Archaeological site in Wiltshire, England

Morgan's Hill Enclosure is an archaeological site in Wiltshire, England, on Morgan's Hill south-east of Calne, about 130 m north of the Wansdyke. It is a scheduled monument.

==Description==
The earthwork is a square, aligned west–east, with sides of length 180 m enclosing an area of about 3.25 ha), with a bank of height up to 0.6 m and width about 3 m. Outside the bank is a ditch of width about 4 m and depth up to 1 m. There are three entrances around the rectangle, but it is not known if these are original.
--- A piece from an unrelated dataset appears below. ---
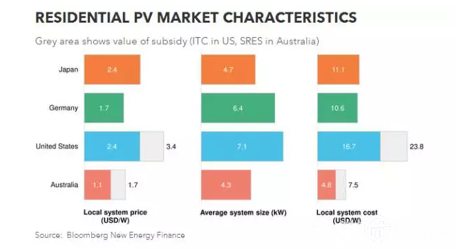 目前,美國住宅光伏系統(tǒng)的成本大約是其他成熟市場的2倍??蛻舻馁彽贸杀尽@準成本、其他軟成本,以及金融產(chǎn)品的成本都會使小型光伏系統(tǒng)的價格高居不下。

There was some excavation in 1909: some medieval pottery was found at the surface, but nothing was found that could clearly relate to its original construction.

===Purpose===
Enclosures like this are considered to show evidence of agricultural practices, from the Neolithic period to the Romano-British period; they were stock pens or protected areas for crops. Several comparable enclosures are known in the area of the Avebury prehistoric complex, about 4 mi to the east, which was in use in the Neolithic period and early Bronze Age.